# Job Searching After EOI selection & ITA



## nedian2k (Aug 26, 2012)

Hello friends,
I would like to ask regarding the Job hunting after EOI Selection and ITA , Can we write in our Resume, will it be beneficial kindly share your experiences and suggestions.

Thanks


----------



## topcat83 (Apr 16, 2009)

nedian2k said:


> Hello friends,
> I would like to ask regarding the Job hunting after EOI Selection and ITA , Can we write in our Resume, will it be beneficial kindly share your experiences and suggestions.
> 
> Thanks


Hi Nedian
Write what in your resume? That you have had your EOI selected? 

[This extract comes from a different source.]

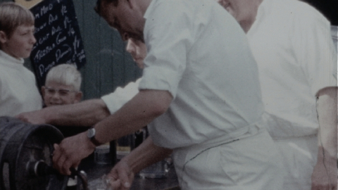 From local league matches in parks or on village greens, to tip and run on the street or in the playground, away from the first-class game cricket is a social occasion with its own distinctive ceremonies: whether its deckchairs on the boundary or wickets chalked on a wall. This collection of mostly amateur films captures the enjoyment of the game at the grass (or concrete, tarmac or sand) roots. Witness the camaraderie of team mates ‘on tour’, a match in period costume and a fancy dress scramble on the beach from the comfort of your own pavilion.

I suggest you include that in your cover letter that you send with your resume - there's certainly no reason why you should leave it out, and it will let potential employers know that if they consider you then there is a good chance that you are coming to New Zealand so they won't be wasting their time.


----------



## nedian2k (Aug 26, 2012)

topcat83 said:


> Hi Nedian
> Write what in your resume? That you have had your EOI selected?
> 
> I suggest you include that in your cover letter that you send with your resume - there's certainly no reason why you should leave it out, and it will let potential employers know that if they consider you then there is a good chance that you are coming to New Zealand so they won't be wasting their time.


Thanks for your reply actually this is what happened with me that i have applied in several companies few of them replied the same that when you ll be here so try to contact us because i didnt mention anything that i have started the immigration process...


----------